Creation of pages worked flawless and the rendered nicely. They page layouts use jQuery, some Office Fabric components (including those nasty jQuery scripts for that).

So far so good!

The Problem

We wanted to roll up this News articles through a custom Web Part based on a search criteria, and also show some of that metadata, such as News category, rollup image and more. But the pages was not indexed. First thought was that well, indexing in SharePoint Online usually takes everything from a couple of minutes to a couple of days, so just wait. Then summer vacation came - I’m not complaining - and when i got back we had index. Ok, good. But then I started adding some custom managed properties to the rollup feature and was waiting for it to pick up the changes. I clicked re-index the libraries, I clicked re-index the site, added new pages and articles, I might even sacrificed the cutest little kitten you can imagine - but nothing. The pages and articles was just not picked up by the crawler. So I started to smell something fishy.

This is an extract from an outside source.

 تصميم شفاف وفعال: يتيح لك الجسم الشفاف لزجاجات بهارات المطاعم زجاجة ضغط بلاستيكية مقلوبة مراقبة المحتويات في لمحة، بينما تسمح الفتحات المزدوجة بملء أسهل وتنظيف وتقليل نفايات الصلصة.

Is there something wrong with my SPO tenant? No, same issue across multiple tenants!
Can it be the page layout? No, it renders perfectly in all browsers!
Can it be the PnP PowerShell cmdlets? No, the same issue if I uploaded page layouts manually!

Old man yells at cloud

Troubleshooting

First of all I added the CrawlTime managed property to see when stuff was actually crawled and that there was nothing wrong with the crawler. I could see how this managed property was populated on other stuff than the pages. So there is obviously something wrong with our pages and not SPO.

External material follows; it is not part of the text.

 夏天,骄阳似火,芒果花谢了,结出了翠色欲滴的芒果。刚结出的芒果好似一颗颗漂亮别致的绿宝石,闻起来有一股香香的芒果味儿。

Time to get my troubleshooting gloves on and I brought out my checklist for this. Since I can’t check trace logs (ULS) in SharePoint Online all I could do was to inspect the crawl logs. And now I could see in plan text that my news articles could not be crawled:

"6074070",
"https://contoso.sharepoint.com/news/Pages/xyz.aspx",
755",
"Item Error",
"The SharePoint item being crawled returned an error when attempting to download the item.
  ( SearchID = F2A4A5E4-AAAA-AAAA-B034-10C593EF6CCE )",
"8/4/2016 7:07 AM",
"https://contoso.sharepoint.com/",
"Intranet",

So, the crawler can obviously not download my page! I also noticed the following cryptic error message on the site and library levels:

"755",
"Container Error",
"The SharePoint item being crawled returned an error when attempting to download the item. 
  ( Unknown Error The surrogate pair (0xD8DA, 0x272) is invalid. 
  A high surrogate character (0xD800 - 0xDBFF) must always be paired with a low surrogate 
  character (0xDC00 - 0xDFFF).; SearchID = 00D32C87-7CD9-4350-AFF4-BBF38B8EB712 )",

Hmm, some Unicode errors?

I was out of options and I could not do an IISRESET (Rule #3) - so I called a friend (Rule #4), Doc Hodgkinson. He was almost as clueless as I but asked my to test it on a normal SharePoint 2016 on-premises installation (born in the cloud you know) and see if I could replicate the issue and also then have the option to check for more detailed crawl and trace logs.

And so I did. I ran the installer on a clean SharePoint 2016 install, started creating a page using our custom page layout and BOOM! The browser just went white!!! Nothing! It rendered fine in SharePoint Online (cloud-born innovation!)

The solution

Quickly I opened up the trace logs and reloaded the page and found this in the logs:

SharePoint Foundation	General	ahi1s	Medium	
Cannot find requested file: 'C:\Program Files\Common Files\Microsoft Shared\Web Server Extensions\16\Template\layouts/https://code.jquery.com/jquery-2.1.4.min.js'
SharePoint Foundation	Upgrade	aq775	Unexpected	
CannotMakeBrowserCacheSafeLayoutsUrl ArgumentException: 15/0/1033/https://code.jquery.com/jquery-2.1.4.min.js


Aha! The Page Layout contains a ScriptLink control that points to that CDN location.

<SharePoint:ScriptLink 
  id="jquery" 
  runat="server" 
  Name="https://code.jquery.com/jquery-2.1.4.min.js" 
  Language="text/javascript"></SharePoint:ScriptLink>

I quickly changed it to a normal script tag and the page rendered fine in the SharePoint 2016 on-premises instance, and I uploaded it to SharePoint Online where it also rendered fine. And…after just a few minutes all my articles was indexed and queryable and I had my Managed Properties. And all was good!

Summary

I find this bug very interesting, SharePoint Online obviously accepts full URLs in the ScriptLink property when rendered through a browser but when the crawler sees it something weird happens (also, I wonder why it gets Unicode errors on the site and library as well). Also, the code for ScriptLink is different for SharePoint Online and SharePoint On-Premises (I have NOT tested all CU’s though). Also, it’s really weird that it some time during the summer actually indexed the pages.

All in all, actually using an on-premises installation for troubleshooting my SharePoint Online issues was a great idea (big thanks as always Neil) and I’ll keep that option as a part of my normal routine from now on.